Only this procedure does this, all other EF interactions, whether linq to sql table or view interrogations, and all other procedures seem to behave well. This has happened before in a now legacy system that had the same architecture, though it was a different procedure on a different database.
Whilst shortening the timeout is a workaround, it's a system wide value, and even 10 seconds, enough to cope with system hiccouphs, is way too long for this customer selection screen, which should be instantaneous. Also I would rather fix the underlying problem, if anyone has any clue what might be going on.
I have considered an OPTION_RECOMPILE on the statement, but it just feels wrong to do so.
If anyone else has experienced this and has any insight I'd be most grateful is it's driving me to distraction.
CodePudding user response:
For an as yet unknown reason, there is an uncommitted transaction against one of the tables in the query when this issue arises. Whilst SSMS doesn't care using its default context settings, the context settings that EF sets up means the execution is waiting on a lock release. I'm not sure I understand why this returns when the EF connection times out. Perhaps it's just a coincidence, or not.

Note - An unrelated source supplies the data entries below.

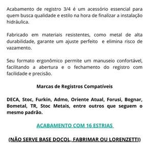 Transforme seu banheiro com um toque de sofisticação e modernidade. Dê um upgrade instantâneo ao seu ambiente com o Acabamento para Registro Quadrado Barcelona Preto Fosco, combinando design elegante e funcionalidade superior. Descubra os Benefícios que Fazem a Diferença: Design Moderno e Elegante: O acabamento quadrado preto fosco da linha Barcelona confere um visual contemporâneo e sofisticado ao seu banheiro ou lavabo. Compatibilidade Universal: Perfeito para bases de registros de 1/2, 3/4 e 1 polegada, adaptando-se a registros e gaveta. Ampla Compatibilidade de Marcas: Instale com tranquilidade em registros das marcas DECA, Stoc, Furkin, Admo, Oriente Atual, Forusi, Bognar, Bometal, TR e outras que sigam o padrão estria Deca. Alta Durabilidade: Fabricado em Liga de Cobre Metal de alta qualidade, garantindo resistência à corrosão e longa vida útil. Acionamento Versátil: Compatível com sistemas de acionamento convencional e 1/4 de volta, oferecendo flexibilidade de uso. Instalação Simples: Fixação na parede, com um processo descomplicado que você mesmo pode realizar. de 2 Anos: Tenha a tranquilidade de um produto com qualidade assegurada. Especificações Técnicas: Fixação: Parede Uso: Geral Material: Liga de Cobre Metal Acionamento: Convencional ou 1/4 de Volta O Kit inclui: 1 Peça de Acabamento Quadrado Preto Fosco Barcelona 1 Chave Allen para instalação Atenção: Não compatível com bases de registros das marcas Docol, Fabrimar e Lorenzetti. Verifique a compatibilidade antes da compra. Não espere mais para renovar seu espaço Adquira agora o Acabamento Registro Quadrado Preto Fosco Barcelona e desfrute de um banheiro com estilo e qualidade impecáveis. Marca: Não Informado
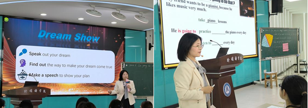 授课环节,王斯莉老师和彭依依同学根据人教版初中英语八年级上册Unit6 Section A I'm going to study computer science分别进行教学展示。
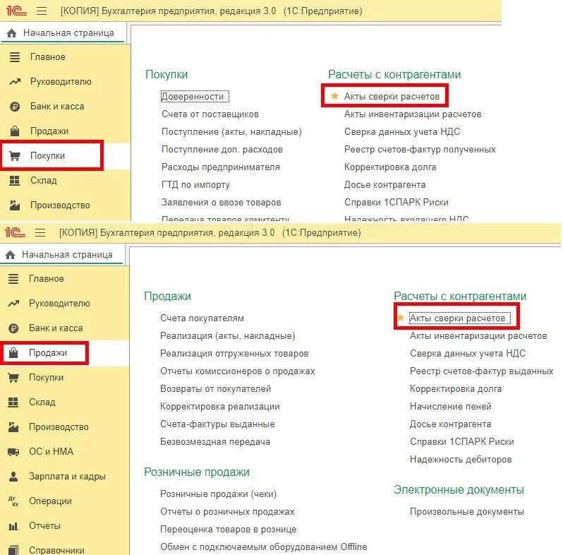 Расположение одновременно в разделах продаж и покупок осуществлено для удобства доступа к нему пользователем, но представляет собой одинаковый список объектов, в котором хранятся созданные пользователями сверки с контрагентами.
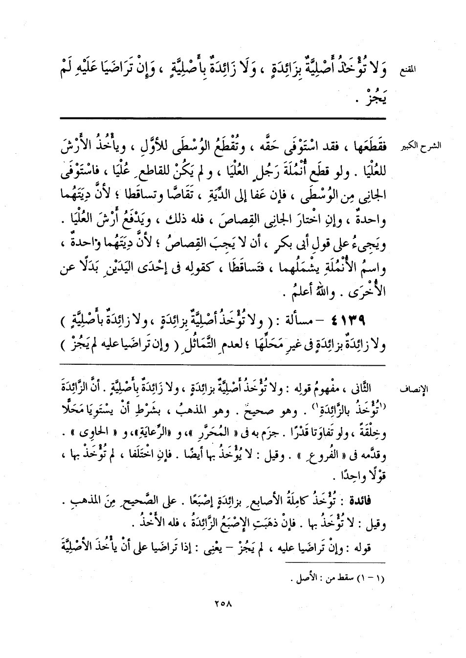 الثَّانى، مفْهومُ قولِه: ولا تُؤْخَذُ أصْلِيَّةٌ بزائِدَةٍ، ولا زَائِدَةٌ بِأصْلِيَّةٍ. أنَّ الزَّائِدَةَ [تُؤْخَذُ بالزَّائِدَةِ] (¬1). وهو صحيحٌ. وهو المذهبُ، بشَرْطِ أَنْ يسْتَوِيَا مَحَلًّا وخِلْقَةً، ولو تَفاوَتا قَدْرًا. جزَم به فى «المُحَرَّرِ»، و «الرِّعايَةِ»، و «الحاوِى». وقدَّمه فى «الفُروعِ». وقيل: لا يُؤْخَذُ بها أيضًا. فإنِ اخْتَلَفا، لم تُؤْخَذْ بها، قوْلًا واحِدًا.

Either way changing the transaction isloation setting in the sproc compilation context, or indeed putting (NOLOCK) hints on the select statement resolves the immediate problem.
Though of course discovering the reason for the uncommitted transaction is more important.
Obviously talking to myself is the story of my life, the burden of the geek, it's why I dont go to parties.